__YOUR GOAL__
Restate the data exactly as given and keep the pictures out.

Collected data:
_____
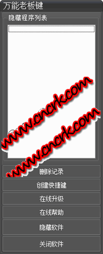 1、Ctrl+R 隱藏列表中的程序 2、Ctrl+E 顯示列表中的程序 3、Ctrl+Alt+R 顯示軟件 4、按住Ctrl鍵并在某個程序的標(biāo)題上點擊左鍵,便可以把程序列入隱藏列表。
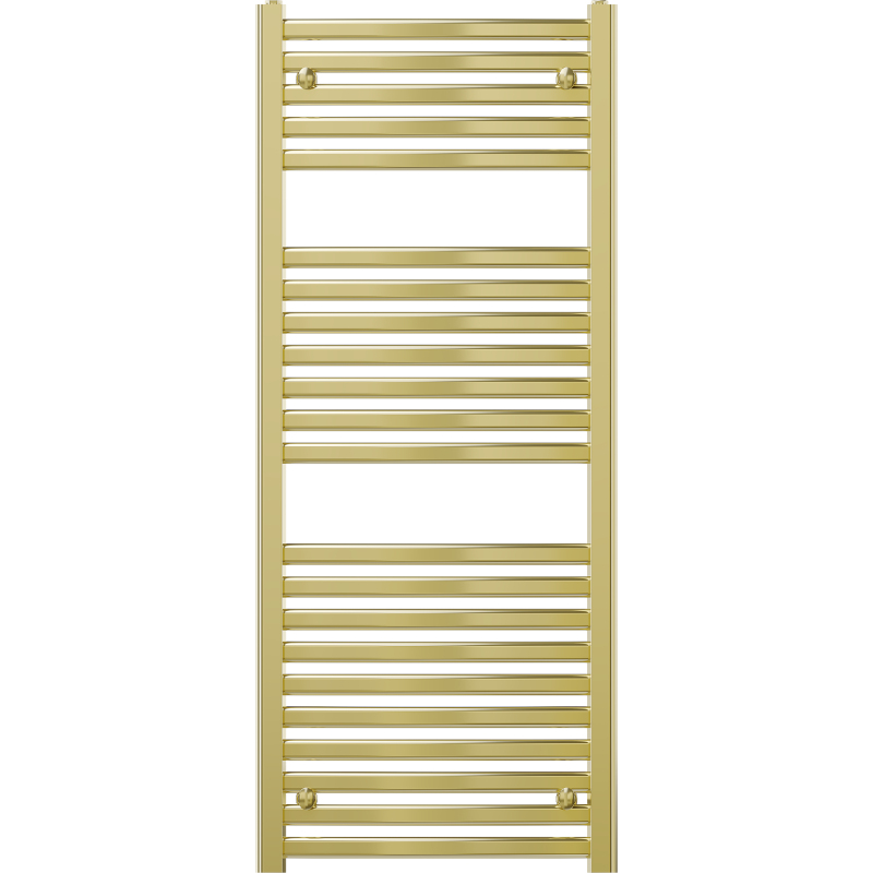 Technické údaje: Výška: 1200 mm Šířka: 500 mm Hloubka: 64 mm Rozteč připojení: 45 cm Barva: Zlatá Materiál: Ocel Hmotnost: 9,65 kg Reakce na oheň: A1 Provozní teplota: max. 95 °C Maximální provozní tlak: 0,6 MPa Topný výkon: - 75/65/20 °C - 448 W Připojení: - 4xG ½″ shora a zdola na pravé nebo levé straně Možnost instalace topného tělesa Vysoce kvalitní, odolný, korozivzdorný nátěr Sada obsahuje: závěsy, montážní sadu, záslepky a odvzdušňovací otvor
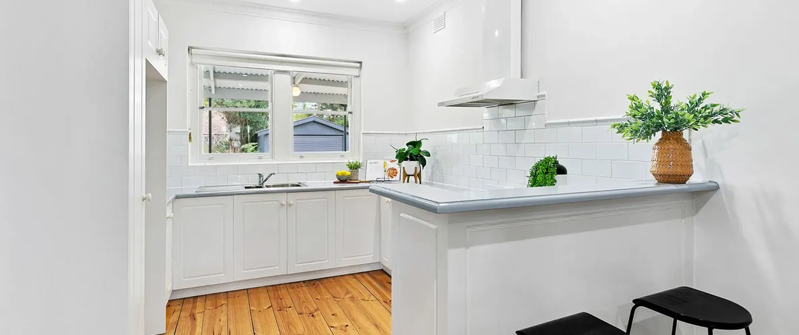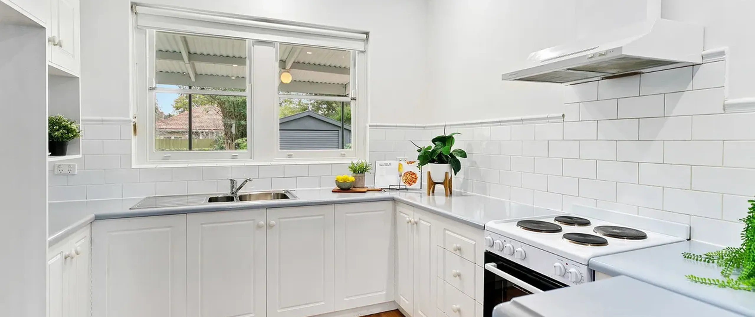 - Modern open plan kitchen with ample bench and cupboard space and views to the rear yard
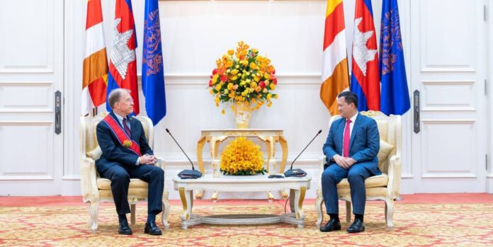 នារសៀល ថ្ងៃទី៧ ខែឧសភា ឆ្នាំ២០២៤ សម្តេចមហាបវរធិបតី ហ៊ុន ម៉ាណែត នាយករដ្ឋមន្រ្តី នៃព្រះរាជាណាចក្រកម្ពុជា បានអនុញ្ញាតឱ្យ ឯកឧត្តម ផាទ្រីក មើហ្វី (W. Patrick Murphy) ឯកអគ្គរដ្ឋទូតសហរដ្ឋអាមេរិក ប្រចាំព្រះរាជាណាចក្រកម្ពុជា ចូលជួបសម្តែងការគួរសម និងជម្រាបលា នៅវិមានសន្តិភាព។
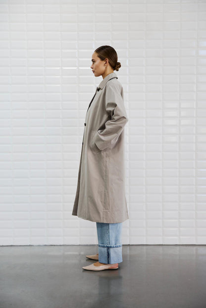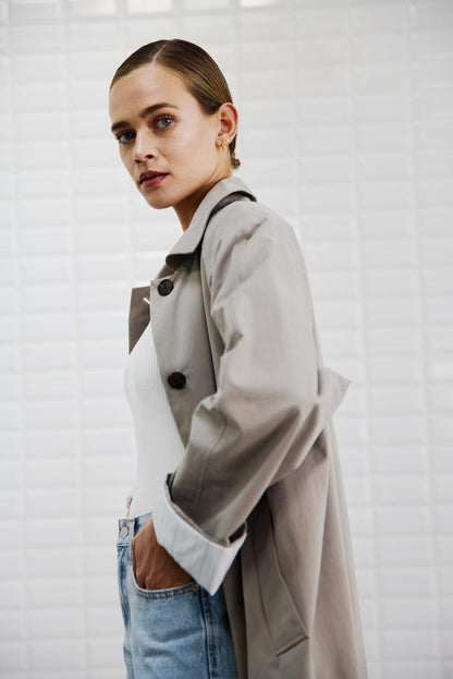 Lækker trenchcoat fra WithBlack i klassisk sandfarve. Jakken er lang og rummelig med lommer i siderne og fin krave. Den perfekte forårsjakke, du kan bruge, når vejret bliver lidt varmere. Mål:Bryst: XS: 114, S: 118, M: 122, L: 126Ærmelængde: XS: 75, S: 76, M: 77, L: 78Fuld længde: XS: 113, S: 114, M: 115, L: 116
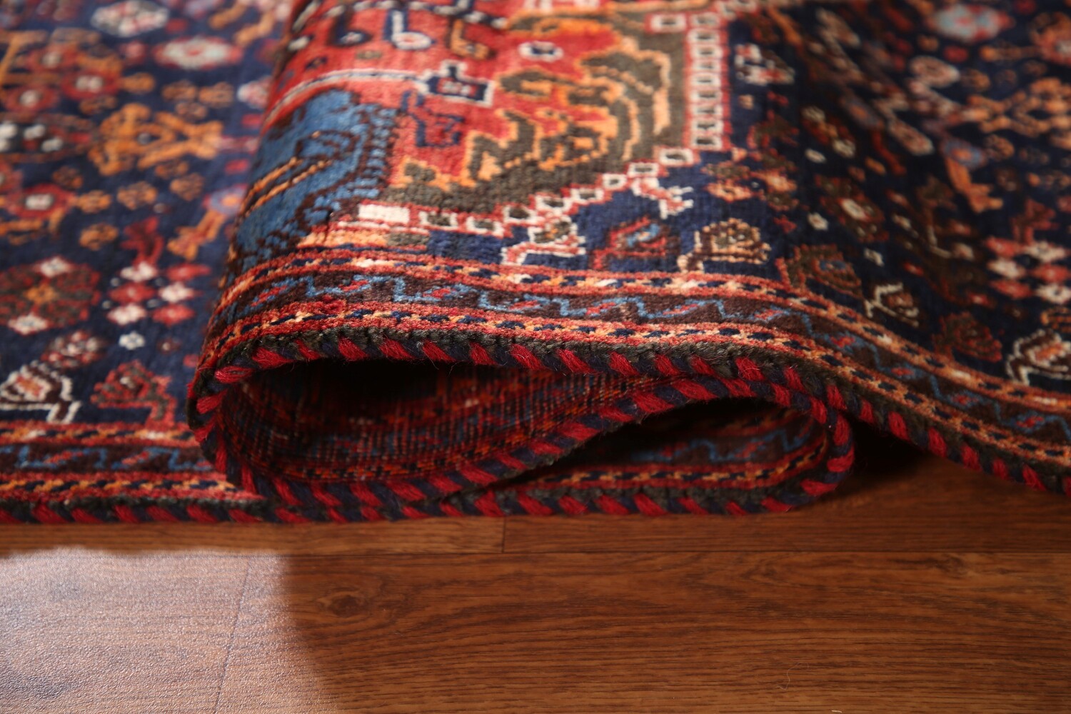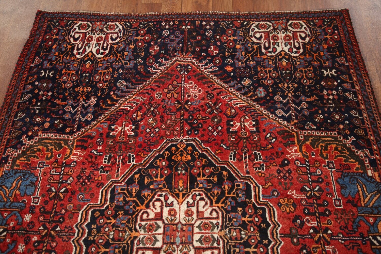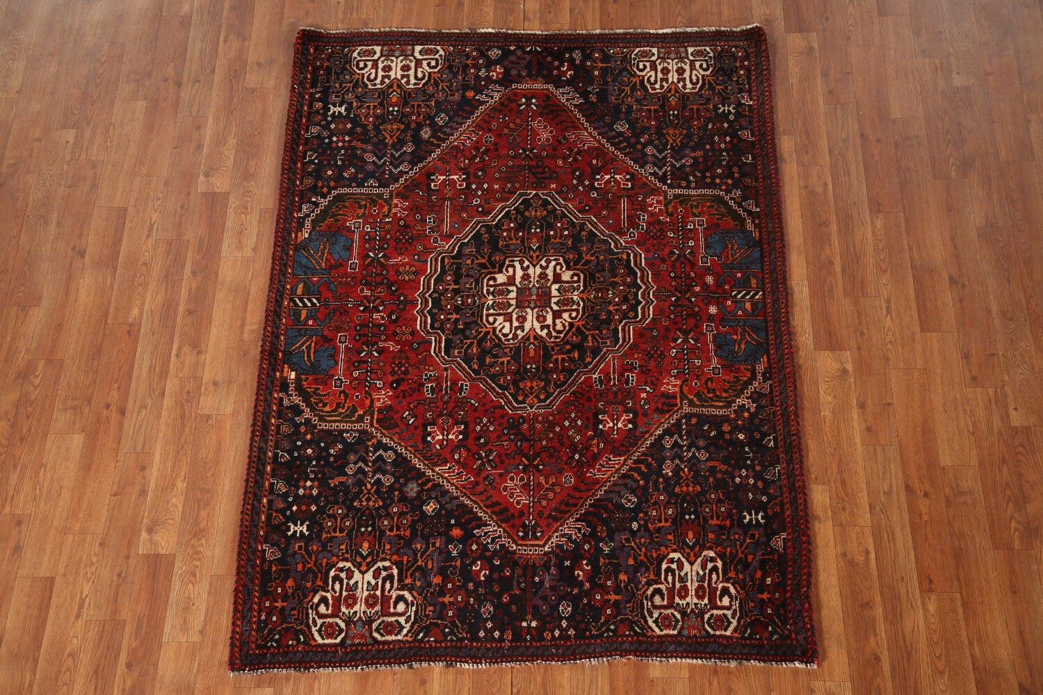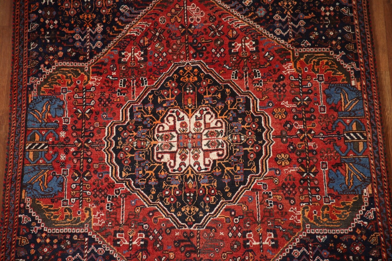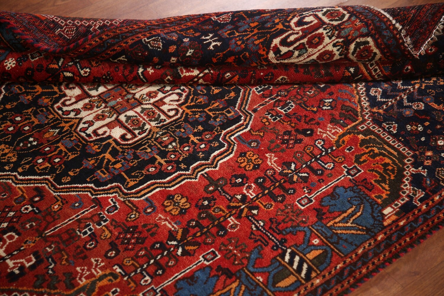 A Beautiful Genuine Persia ( Persia ) Shiraz rug is Hand Knotted by skillful weavers in Persia ( Persia ) with 100% Wool Material. This rug is in Very Good (Low Pile) condition. dimensions are 5' 10'' X 4' 3'' in foot and 178 X 130 in centimeter. the primary color is Red.
_____
__SOLVED EXERCISE__
 1、Ctrl+R 隱藏列表中的程序 2、Ctrl+E 顯示列表中的程序 3、Ctrl+Alt+R 顯示軟件 4、按住Ctrl鍵并在某個程序的標(biāo)題上點擊左鍵,便可以把程序列入隱藏列表。
 Technické údaje: Výška: 1200 mm Šířka: 500 mm Hloubka: 64 mm Rozteč připojení: 45 cm Barva: Zlatá Materiál: Ocel Hmotnost: 9,65 kg Reakce na oheň: A1 Provozní teplota: max. 95 °C Maximální provozní tlak: 0,6 MPa Topný výkon: - 75/65/20 °C - 448 W Připojení: - 4xG ½″ shora a zdola na pravé nebo levé straně Možnost instalace topného tělesa Vysoce kvalitní, odolný, korozivzdorný nátěr Sada obsahuje: závěsy, montážní sadu, záslepky a odvzdušňovací otvor
 - Modern open plan kitchen with ample bench and cupboard space and views to the rear yard
 នារសៀល ថ្ងៃទី៧ ខែឧសភា ឆ្នាំ២០២៤ សម្តេចមហាបវរធិបតី ហ៊ុន ម៉ាណែត នាយករដ្ឋមន្រ្តី នៃព្រះរាជាណាចក្រកម្ពុជា បានអនុញ្ញាតឱ្យ ឯកឧត្តម ផាទ្រីក មើហ្វី (W. Patrick Murphy) ឯកអគ្គរដ្ឋទូតសហរដ្ឋអាមេរិក ប្រចាំព្រះរាជាណាចក្រកម្ពុជា ចូលជួបសម្តែងការគួរសម និងជម្រាបលា នៅវិមានសន្តិភាព។
 Lækker trenchcoat fra WithBlack i klassisk sandfarve. Jakken er lang og rummelig med lommer i siderne og fin krave. Den perfekte forårsjakke, du kan bruge, når vejret bliver lidt varmere. Mål:Bryst: XS: 114, S: 118, M: 122, L: 126Ærmelængde: XS: 75, S: 76, M: 77, L: 78Fuld længde: XS: 113, S: 114, M: 115, L: 116
 A Beautiful Genuine Persia ( Persia ) Shiraz rug is Hand Knotted by skillful weavers in Persia ( Persia ) with 100% Wool Material. This rug is in Very Good (Low Pile) condition. dimensions are 5' 10'' X 4' 3'' in foot and 178 X 130 in centimeter. the primary color is Red.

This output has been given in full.